ウクライナ侵攻を続けるプーチン大統領に衝撃が走った。首都モスクワ郊外のクラスノゴルスクにあるコンサートホールで3月22日夜、迷彩服を着用した男たちがホール内に押し入り、現場にいた6000人あまりの観客らに向けて自動小銃を無差別に乱射し、これまでに140人以上が死亡した。
事件後、2010年代半ばごろにテロの猛威で世界を震撼させたあのイスラム国が犯行声明を出した。イスラム国はシリアとイラクで一時広大な領域(英国の国土に匹敵するほど)を実行支配していたが、2020年ごろには領域支配を喪失し、近年は目立ったテロは起こしていない。しかし、今回のテロではアフガニスタンを拠点とするイスラム国ホラサン州という地域支部の犯行が強く指摘され、国際社会は再びイスラム国の脅威に直面することになった。
この事件は、プーチン大統領にとっては大きな痛手となった。3月の大統領選挙では5選を果たし、国民からの政治的お墨付きを得たということで、今後ウクライナ侵攻をいっそう加速化させていこうとする最中に発生し、国内治安の脆弱性を内外に露呈することになった。

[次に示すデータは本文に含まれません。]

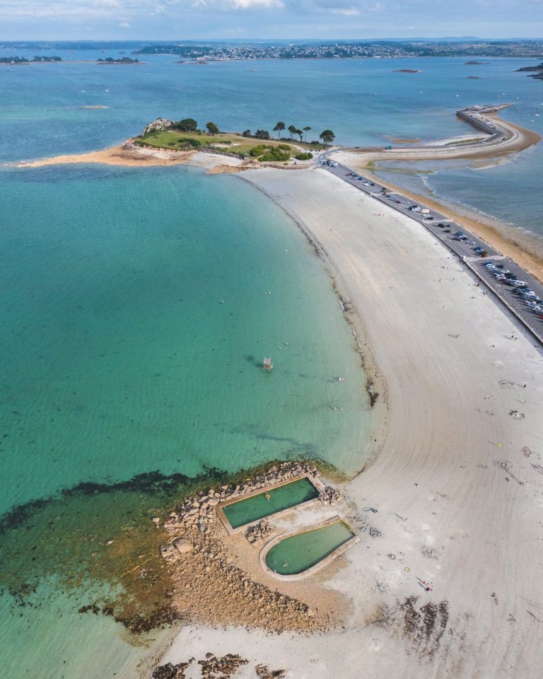 - Plage des Sables Blancs (Locquirec): bewaakt in het seizoen, een mooi familiestrand op de grens van Finistère en Côtes-d’Armor.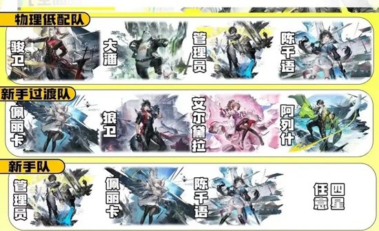 适用角色:如果新手玩家抽到骏卫或黎风即可组成物理队。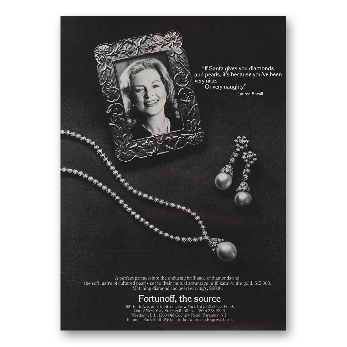 1981 Fortunoff Print Ad | Santa Gives You Diamonds Lauren Bacall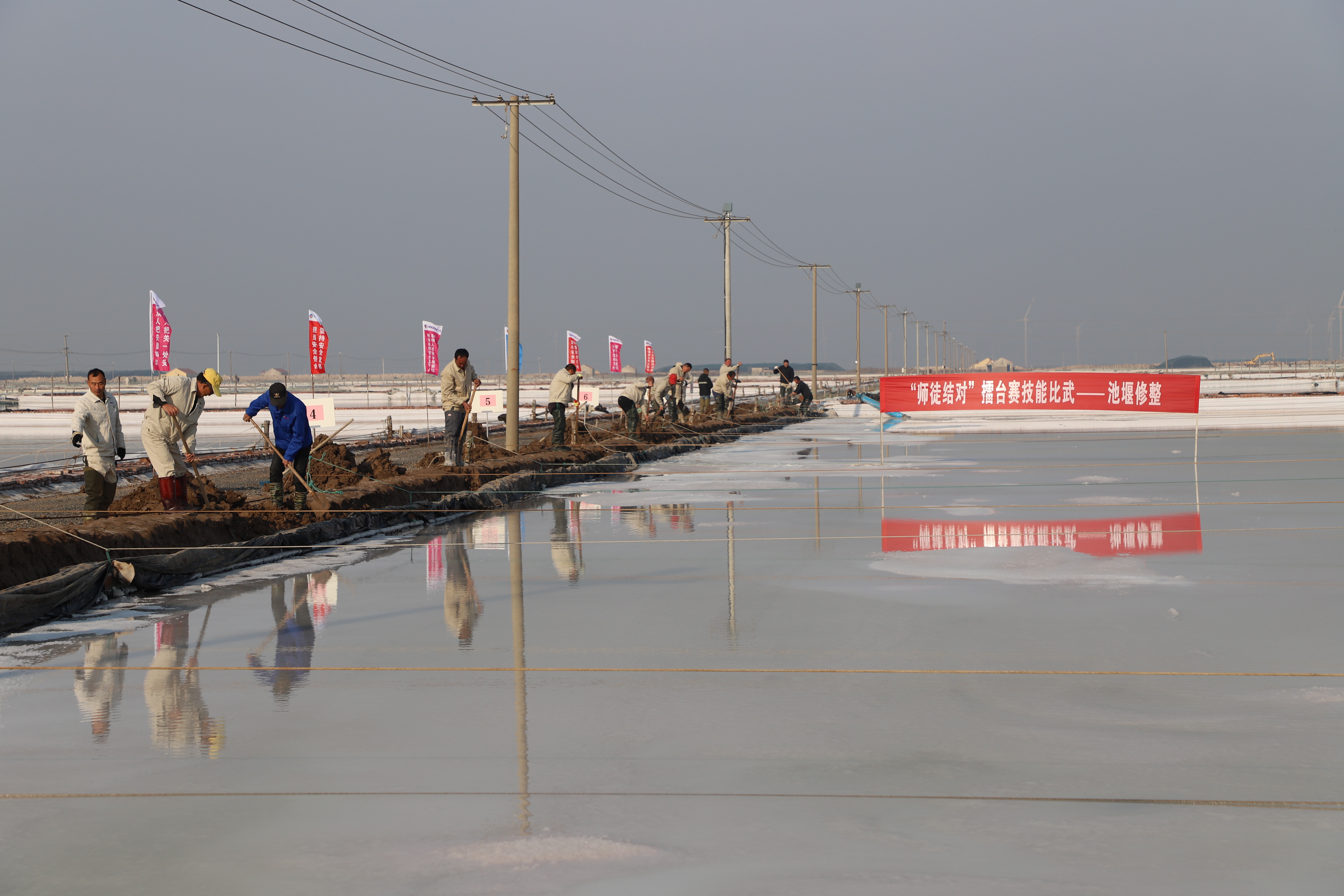寒冬时节,暖阳之下,盐廪之旁,晒得黝黑的盐场产业工人们按照竞赛的考核标准,做熟泥、打堰墙、做堰顶,护埝顶、夯埝坡、清塘底,见证了一场技能比拼的盛会。经过一天的鏖战,卢正兵、靳新邦、匡洪忠师徒取得了池堰修整的前三名;林树军、潘成军、胡继华师徒取得了土塘清淤的前三名。(西工)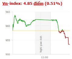 Áp lực bán bất ngờ gia tăng mạnh trong phiên chiều, khiến cả 2 chỉ số đảo chiều giảm điểm mặc dù phiên sáng thị trường giao dịch khá tích cực. Kết thúc phiên, VN-Index giảm 4,85 điểm (-0,51%) xuống 953,51 điểm với khối lượng giao dịch đạt 147,5 triệu CP, trị giá 3.642,6 tỷ đồng; HNX-Index giảm 0,55 điểm (-0,51%) xuống 107,55 điểm với khối lượng giao dịch đạt 40,1 triệu CP, trị giá 466,3 tỷ đồng. Duy trì phiên bán ròng thứ 2 liên tiếp, song giá trị bán ròng đã giảm đi đáng kể so với phiên trước đó, thậm chí khối ngoại còn quay lại mua ròng khá mạnh trên sàn sàn HNX. Cụ thể, trên sàn HSX khối ngoại giao dịch trị giá 1.132,87 tỷ với giá trị bán ròng đạt 87,61 tỷ đồng. Trên sàn HNX, họ giao dịch trị giá 54,47 tỷ với giá trị mua ròng đạt 42483 tỷ đồng. Chung quy lại, khối ngoại đã bán ròng 45,2 tỷ đồng trong phiên hôm nay trên cả 2 sàn.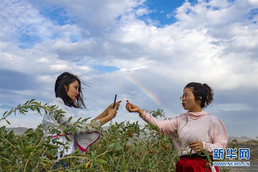 在新疆精河县城近郊的一处枸杞园,朱虹美(右)和助手李红英在拍摄视频,向网友介绍待采收的枸杞(7月11日摄)。新华社记者 胡虎虎 摄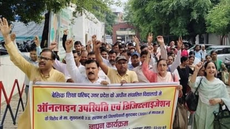 Moradabad News Today: उत्तर प्रदेश प्राथमिक शिक्षक संघ के बैनर तले बेसिक स्कूलों के शिक्षक मुरादाबाद के कलक्ट्रेट पर एकत्र हुए। उन्होंने ऑनलाइन हाजिरी, पंजिकाओं के डिजिटलीकरण के विरोध समेत समेत विभिन्न मुद्दों पर डीएम के जरिये सीएम को ज्ञापन भेजा। शिक्षकों ने सरकार से अपील की है कि ऑनलाइन हाजिरी व पंजिकाओं के डिजिटलीकरण के आदेश वापस लिए जाएं।
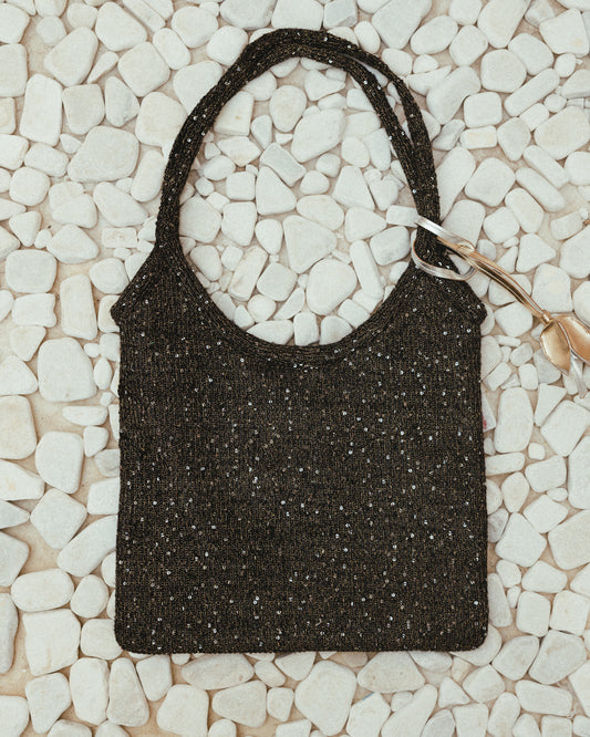 The Ivy tote bag in sequin-embleshed mesh in Black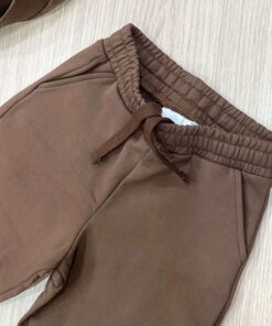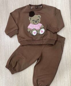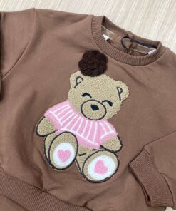 Tuta due pezzi bambina in cotone felpato, di colore marrone, con disegno teddy in rilievo e di vari colori e applicazione di fiorellino in velluto. Pantalone con laccetto regolabile.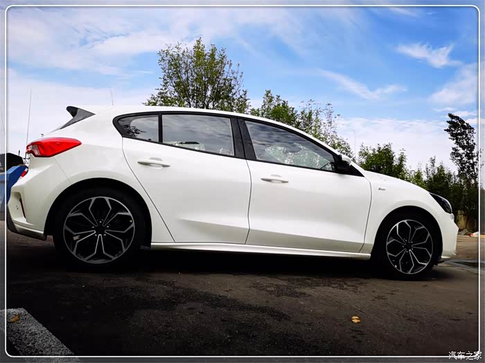 我最喜欢的就是这个角度下拍摄的照片,45度角之下最美,让它看起来跟一个大玩具一样,加入了ST-Line套件之后显得整个车战斗气息十足不说,底盘也低了很多。有句话说的好:“一低遮百丑”!本身福克斯的运动气息就很足了,加上底盘又比别的车子低了那么一小点,视觉效果上更好看了,每次停完车都会在瞅一眼,心里都在想自己的审美真的是到位啊!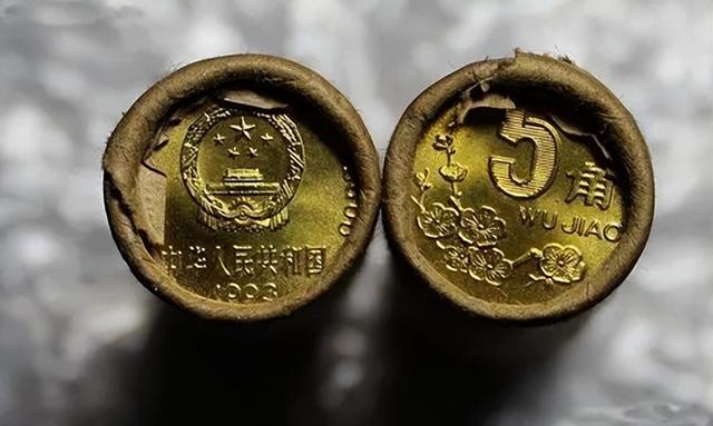 相比于使用大家更喜爱的是收藏保存几枚,如今它虽然没有退出流通,但所有年份都不再是面值了,其中最珍贵的就是1993年的梅花5角,这种旧硬币单都已经要20多了,如果是整卷和整盒的,那么这个年份会更加夸张。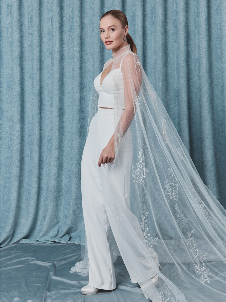 El cuello alzado enmarca el escote con una estructura sutil y se cierra al frente con un refinado botón de cristal, asegurando tanto elegancia como comodidad. La Capa Poirier C-75107 es el toque final perfecto para novias que buscan una sofisticación atemporal con un giro moderno inspirado en la alta costura. Ideal para ceremonias o retratos nupciales, esta capa transforma cualquier vestido o atuendo en un look verdaderamente inolvidable.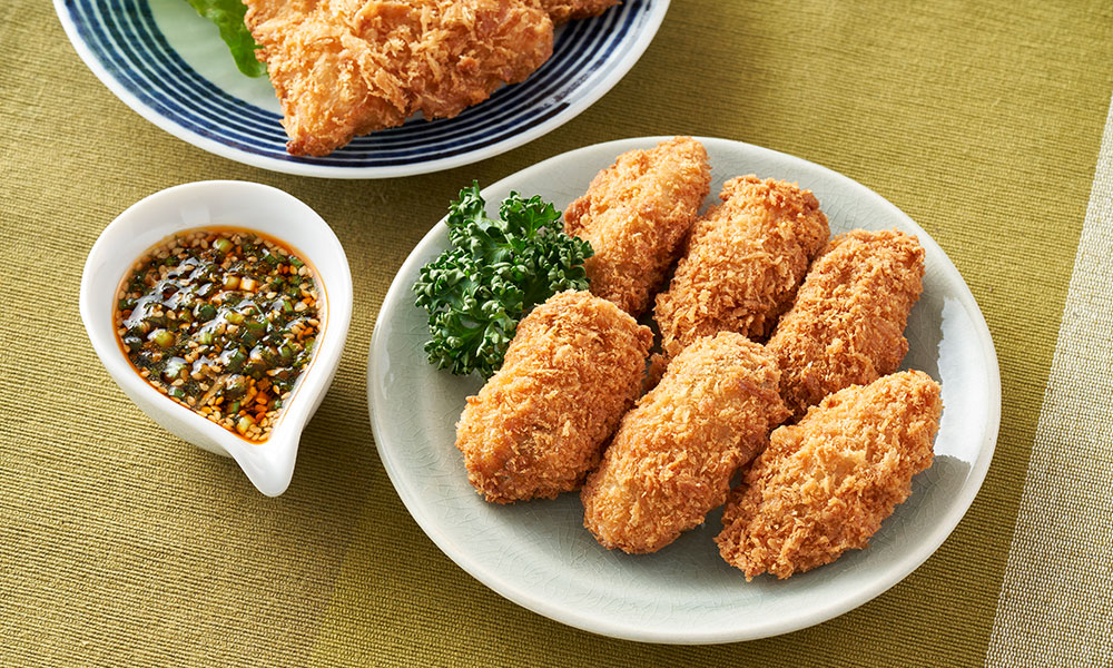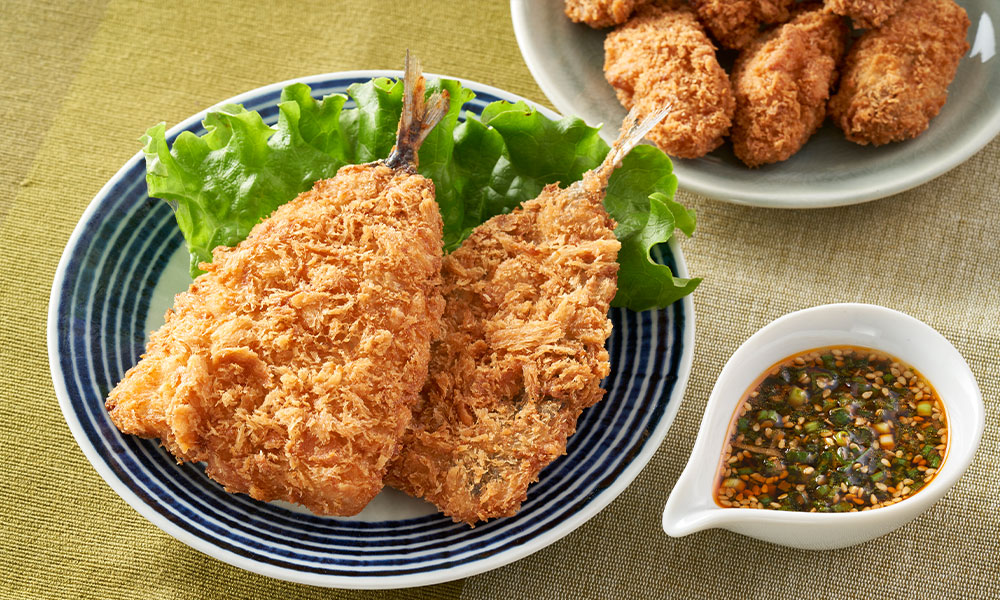 または【電子レンジ調理専用】あじフライを温める2 かきフライを揚げる 3 Aを混ぜ合わせて、1、2にかけていただく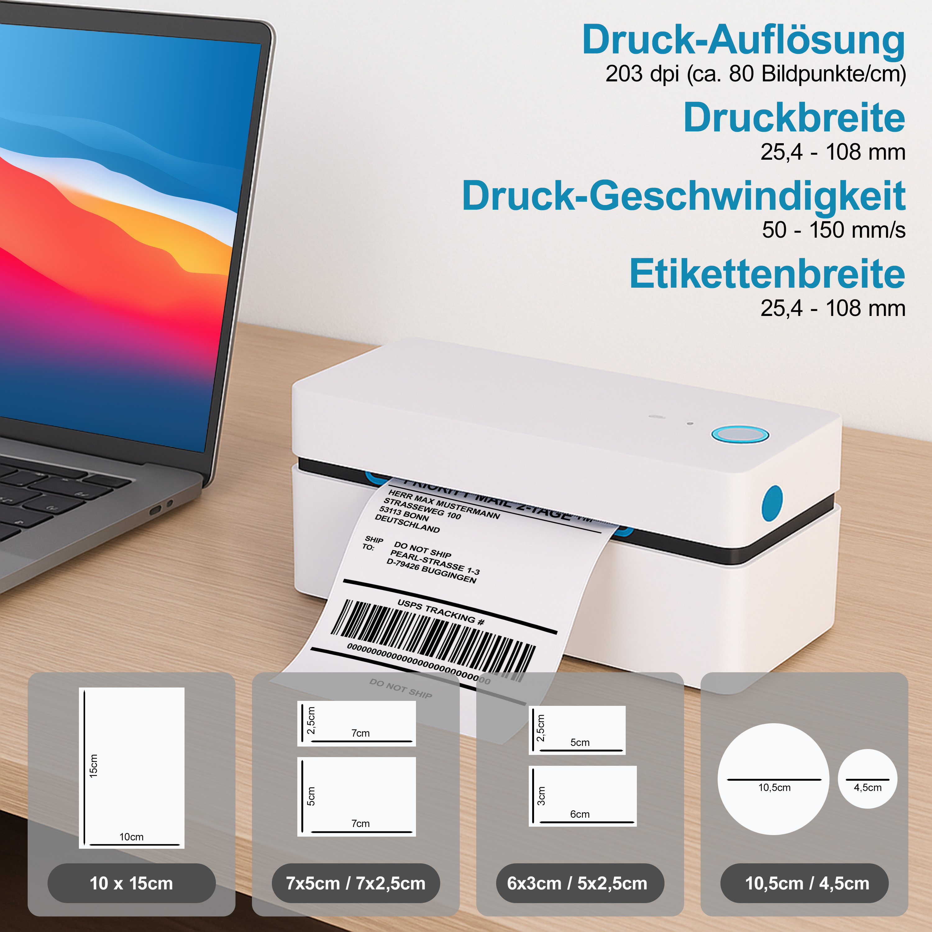 Callstel Etiketten-Thermodrucker TD-350.app, 100x150 mm Etiketten, 203 dpi, USB, BT, App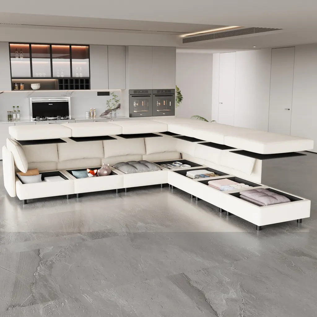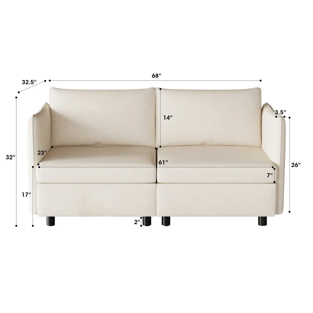 Enhance your living space with this stylish and functional sectional sofa, featuring a sturdy solid wood frame and high-quality sponge-filled cushions for exceptional comfort. The breathable fabric upholstery adds a touch of luxury, making it the perfect centerpiece for any living room, bedroom, or home office. Each seat comes with a convenient storage compartment under the cushion, providing ample space to store books, blankets, and other essentials, ensuring a tidy and organized space.Features:Product Dimensions: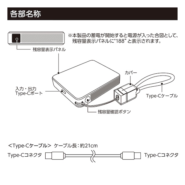| 備考 | 取説付、最大出力3A、バッテリー容量5000mAh、本体重量約95g、デジタル表示機能付 |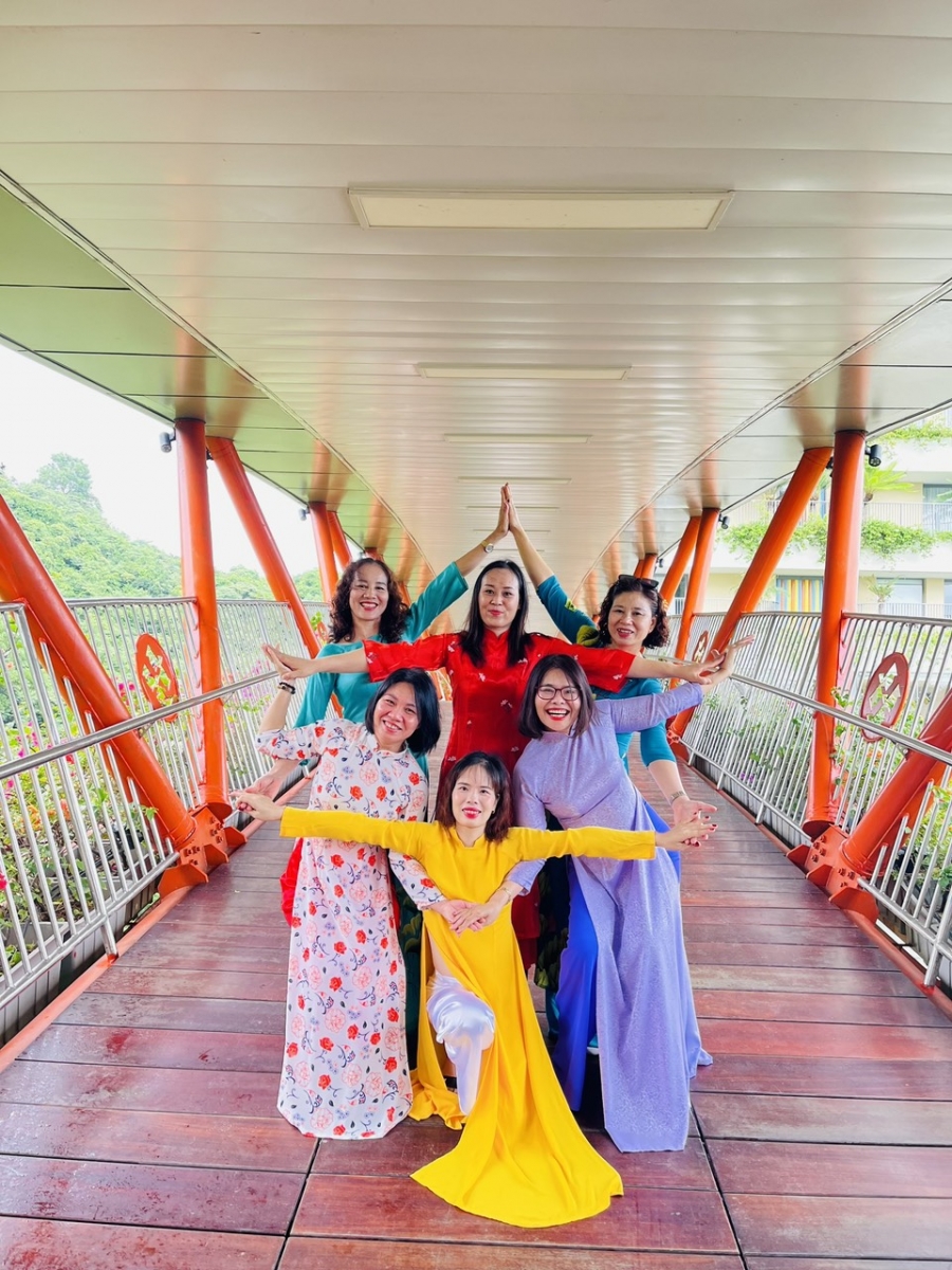 Phụ nữ Skypec trong trang phục áo dài truyền thống tại khu vực Cầu Mây
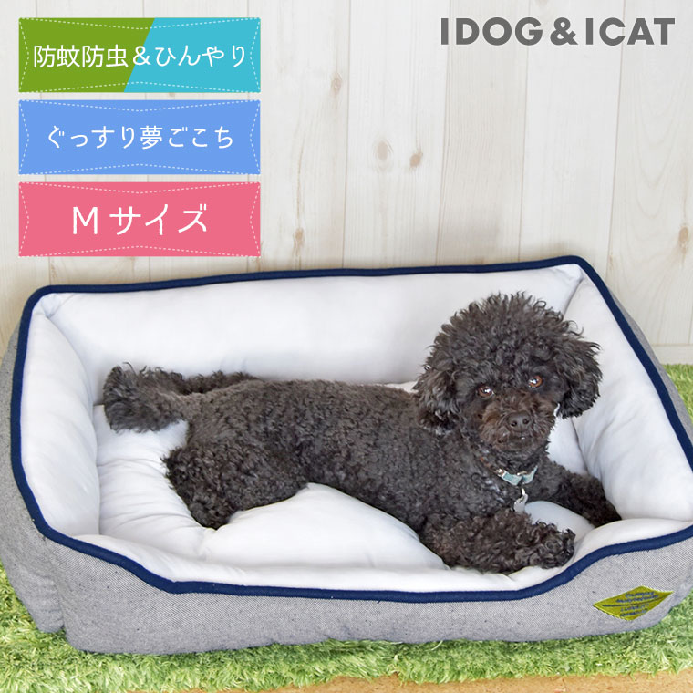 【 犬 猫 ベッド 】IDOG&ICAT ひんやり防虫 スクエアベッド Mサイズ moscape COOL【 あす楽 翌日配送 】【 ひんやり 接触冷感 防虫 防蚊 クッション カドラー ペットベット ペットソファ 犬のベッド 猫のベッド ドッグハウス 春用 夏用 icat 】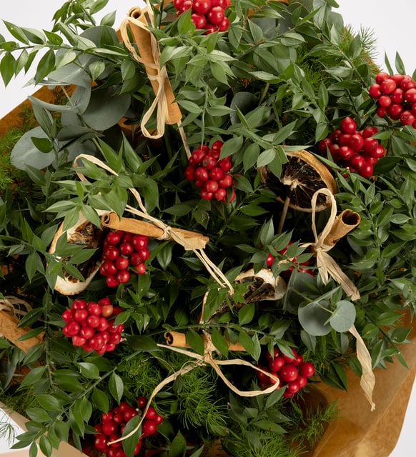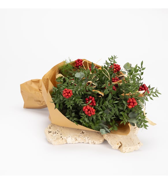 Kırmızı meyveleri nazikçe bir araya toplayan ip, dileklerin suya düşen sesi gibi; şans, mutluluk ve bereketi birbirine bağlayan bir küçük ritüel. Kokina, kışın serin ışığında sıcak bir kıvılcım taşıyor. Doğal kraft kağıdın sakin dokusu, tarçının ılıklığı ve kurutulmuş limonun ferah notasıyla yumuşak bir denge kurarken; okaliptusun serin nefesi ve cipsonun ince beyazlığı bukete hafif, zarif bir ritim ekliyor. Kırmızı kurdele ve burlap ip, yılın eşiğinde hissedilen o sade coşkuyu usulca tamamlıyor.

米国は事前に、ロシアに対してテロに注意するよう喚起していたというが、その中でテロを防げなかったことで、今後国民のプーチン政権への不満や怒りが高まる可能性もある。また、プーチン大統領は未だにウクライナの関与を指摘しているが、当然のごとくウクライナが関与しているわけでなく、これはプーチン政権への批判を交わし、ウクライナ侵攻を正当化するためのロジックでしかない。
では、なぜロシアは今回狙われたのか。イスラム国やイスラム過激派というと米国や欧州、イスラエルなどを第一の標的にしているようにも映るが、ロシアの優先順位は決して低くないのだ。
まず、イスラム国がシリアとイラクで領域を実効支配していた当時、ロシアはイスラム国と敵対するシリアのアサド政権を軍事的に支援し、ロシア自体もシリアにプレゼンスを強化。イスラム国に対する空爆などを行っていた。
また、ロシアは近年ニジェールやマリ、ブルキナファソなどアフリカへ軍事的な影響力を拡大。ロシアの民間軍事会社ワグネルが現地の軍事政権を支援し、現地で活動するイスラム国系武装勢力と対立関係にある。
さらに、プーチン政権は長年、ロシア南部チェチェンやダゲスタン、イングーシを拠点とするイスラム過激派への軍事的な締め付けを続けているが、プーチン政権を敵視するこのイスラム過激派の中からも多くの戦闘員がイスラム国に流入しており、もともとイスラム国はロシアを敵視していたと言える。
今回のテロに関与したとされるイスラム国ホラサン州は、拠点とするアフガニスタンでもロシア大使館を攻撃し、ロシア人2人が亡くなったことがある。今後、ウクライナ戦争と並行して、プーチン大統領はテロとの戦いを余儀なくされる可能性もあろう。